The Python code uses queues to model the data spaces. Hence, it makes sense to do the same in Kotlin. However, the Java API offers lots of choices, as this abridged diagram shows:

Java Queue class diagram

Let’s describe the queue and the blocking queue.

Queue

In Java, the Queue interface has no definite semantics regardering the ordering of elements: it can be FIFO, LIFO or something completely different, such as based on a priority attribute.

Queues offer two different ways to add, check and remove elements: one throws an exception if the operation fails, the other returns a specific value.
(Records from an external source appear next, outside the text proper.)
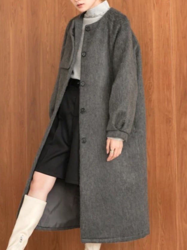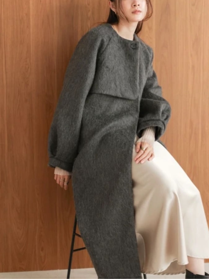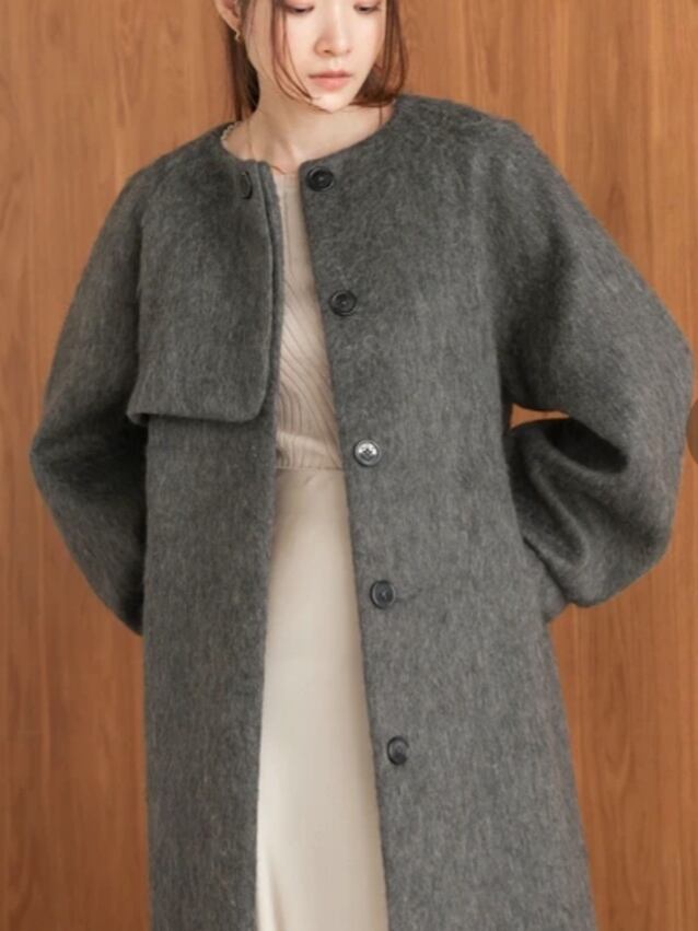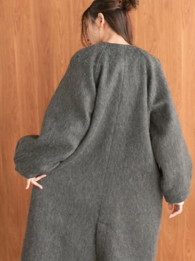 ladies シャギーノーカラーロングコート再入荷
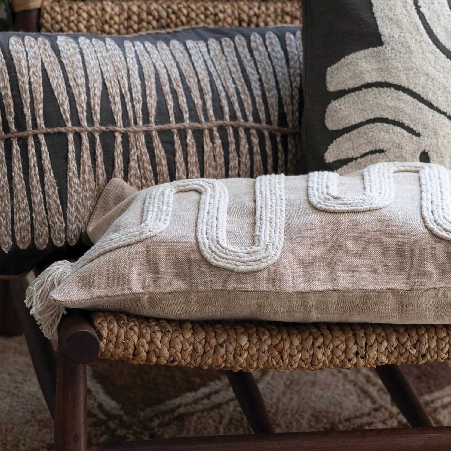 Tan Embroidered Cotton & Jute Lumbar Pillow with Fringe
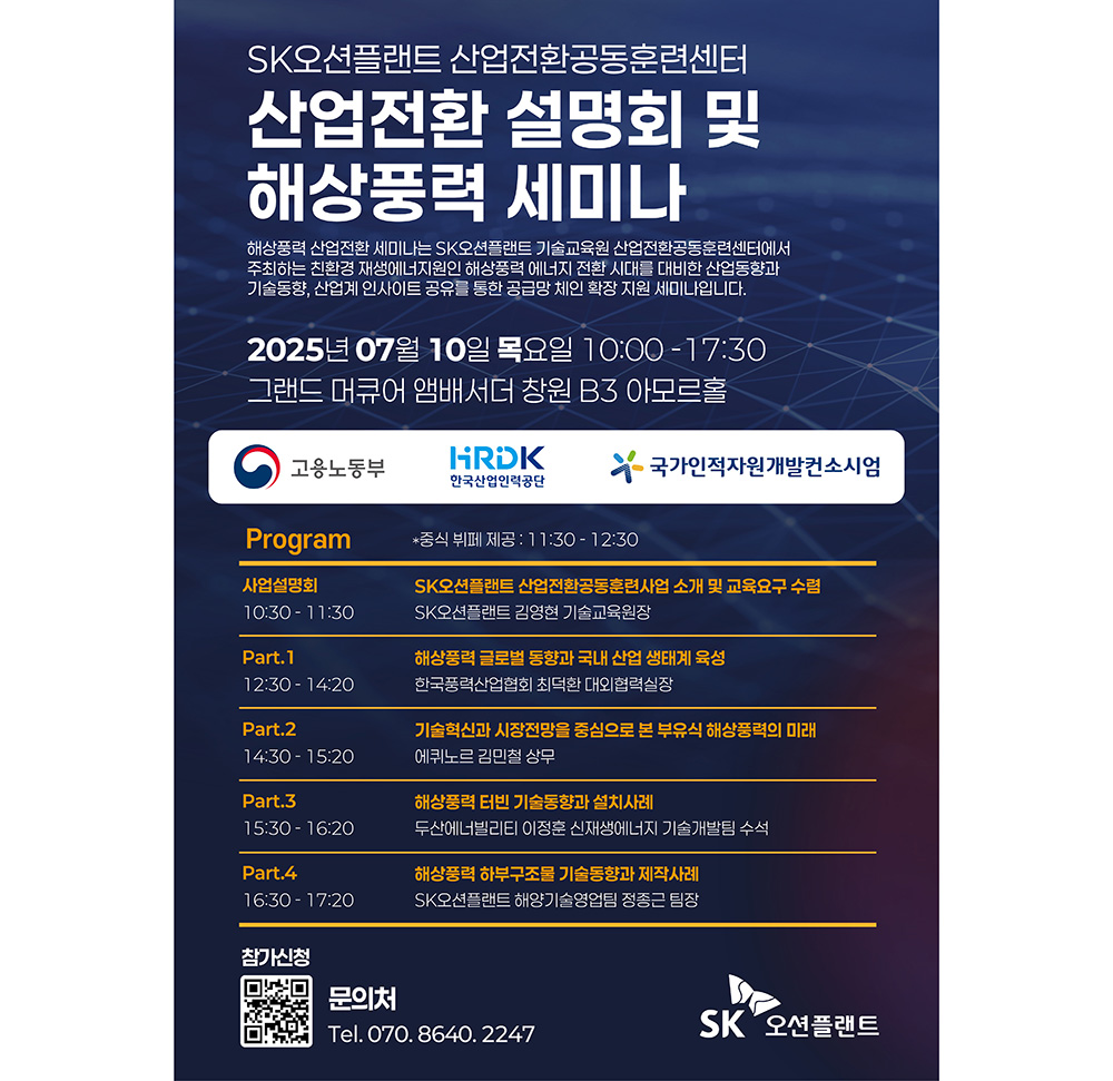 참가 자격은 해상풍력 산업에 종사하거나 진입을 준비 중인 기업 임직원이라면 누구나 무료로 참석할 수 있다. 참가 신청은 네이버폼(세미나 안내 포스터 하단 QR코드 스캔, https://naver.me/5IiJlS27)을 통해 가능하며, 행사 관련 문의는 SK오션플랜트 기술교육원(070-8640-2247)으로 하면 된다.
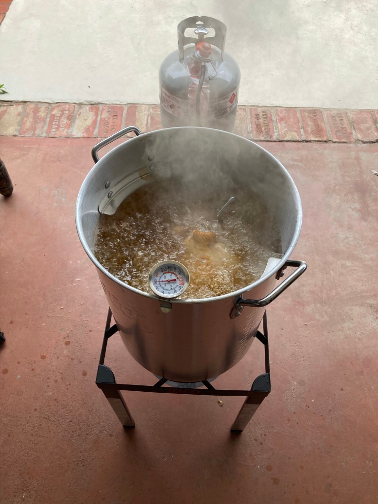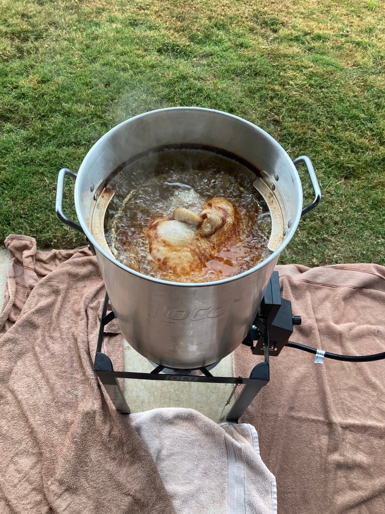 ~ for a successful, if INTENSELY STRESSFUL, first attempt deep frying a turkey. We have heard so many horror stories of fires and explosions, so we had the fire extinguisher at the ready. After a multiple generous injections of creole butter, and a 50 minute bath in boiling peanut oil, we had a gloriously golden brown, crispy skinned bird! It was delicious!
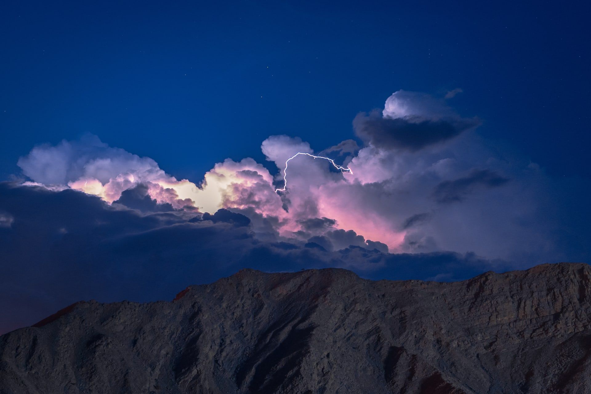 ولفت المُصور العُماني إلى أنه قام برصد هذه الظاهرة في شرق محافظة مُسندم وتحديدًا فوق بحر عُمان، حيث كانت الخلايا الرعدية تتشكل وتمتد إلى ارتفاعات عالية تسهّل توثيق ظواهر مثل البرق الهارب.

For example, removing an element might fail if the queue is empty.

FeatureExceptionSpecial value

Checks an element

element(): E

peek(): E

Adds an element

add(e: E): boolean

offer(e: E): boolean

Removes an element

remove(e: E): boolean

poll(e: E): boolean

BlockingQueue

A blocking queue is:

A Queue that additionally supports operations that wait for the queue to become non-empty when retrieving an element, and wait for space to become available in the queue when storing an element.
— JavaDoc
https://docs.oracle.com/javase/7/docs/api/java/util/concurrent/BlockingQueue.html

It adds two different ways to achieve the above operations: a blocking one and one with timeout.

FeatureBlockingTimeout

Adds

put(e: E): boolean

offer(e: E, long timeout, TimeUnit unit): boolean

Removes

take(): E

poll(long timeout, TimeUnit unit): E

There are two out-of-the-box implementations of blocking queue of interest:

  1. ArrayBlockingQueue backed by a simple array
  2. LinkedBlockingQueue using nodes linked together

Porting the Python code

The straightforward porting of the original Python code relies on the same design: mutable data structures and timeout.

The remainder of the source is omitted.